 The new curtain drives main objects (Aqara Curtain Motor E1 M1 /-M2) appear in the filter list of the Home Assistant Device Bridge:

---

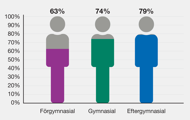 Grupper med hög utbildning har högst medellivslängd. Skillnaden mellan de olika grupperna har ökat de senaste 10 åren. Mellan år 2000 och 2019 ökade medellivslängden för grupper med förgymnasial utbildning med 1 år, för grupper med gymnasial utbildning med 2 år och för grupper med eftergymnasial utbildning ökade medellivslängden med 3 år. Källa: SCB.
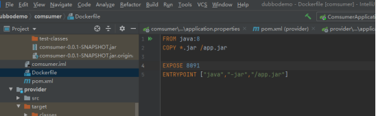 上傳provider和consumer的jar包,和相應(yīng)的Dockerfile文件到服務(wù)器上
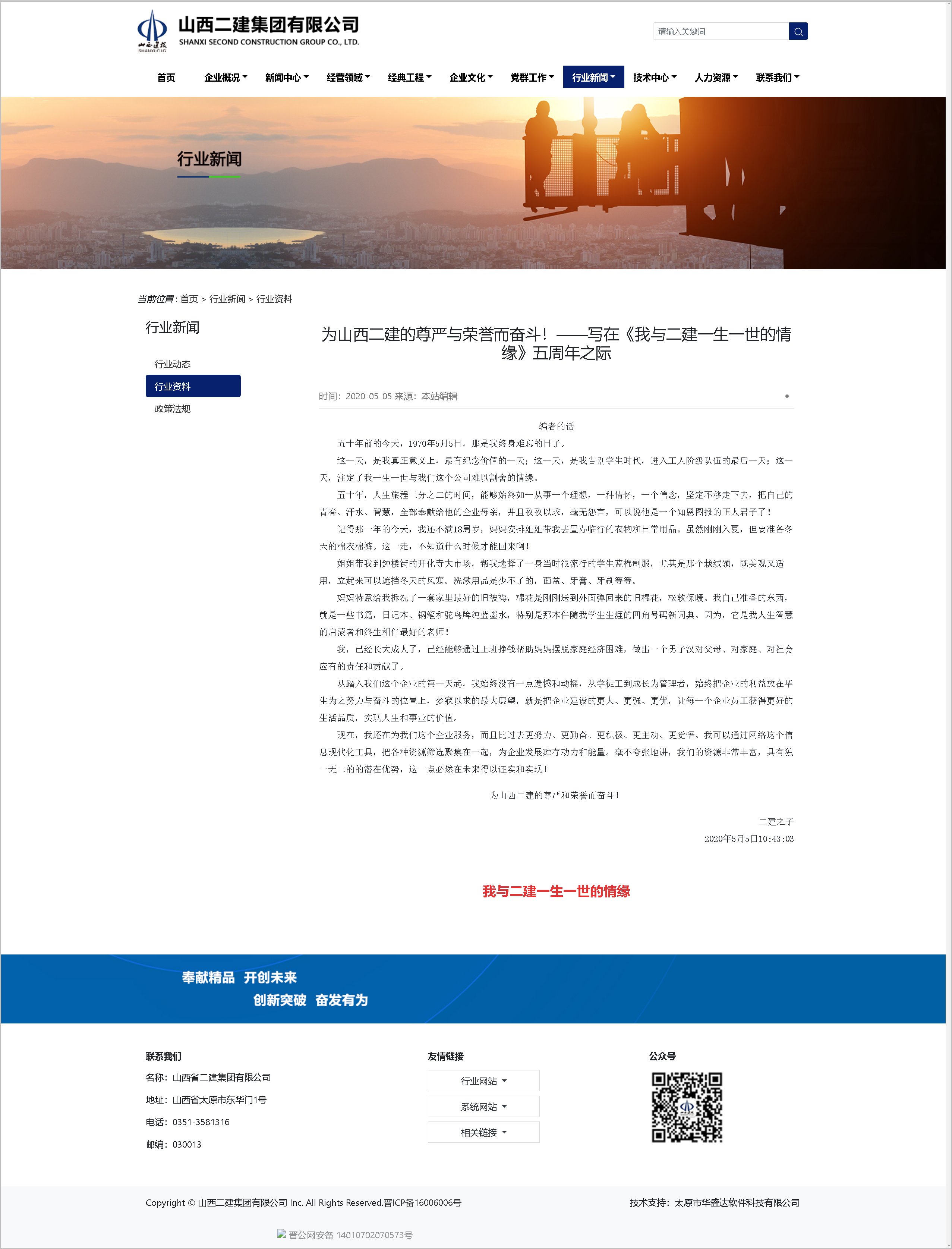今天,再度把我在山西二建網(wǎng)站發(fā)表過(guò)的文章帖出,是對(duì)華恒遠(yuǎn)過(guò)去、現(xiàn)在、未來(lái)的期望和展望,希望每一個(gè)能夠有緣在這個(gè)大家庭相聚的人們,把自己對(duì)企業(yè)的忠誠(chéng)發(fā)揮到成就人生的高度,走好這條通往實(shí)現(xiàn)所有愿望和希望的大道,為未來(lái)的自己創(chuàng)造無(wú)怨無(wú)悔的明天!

> THE PROBLEM: Each line above starting at the one holding "Grupper med hög" and ending at the one holding "上傳provider和con" should be set down exactly as it stands, both ends included, with no pictures.

> SOLUTION TO THE PROBLEM:
 Grupper med hög utbildning har högst medellivslängd. Skillnaden mellan de olika grupperna har ökat de senaste 10 åren. Mellan år 2000 och 2019 ökade medellivslängden för grupper med förgymnasial utbildning med 1 år, för grupper med gymnasial utbildning med 2 år och för grupper med eftergymnasial utbildning ökade medellivslängden med 3 år. Källa: SCB.
 上傳provider和consumer的jar包,和相應(yīng)的Dockerfile文件到服務(wù)器上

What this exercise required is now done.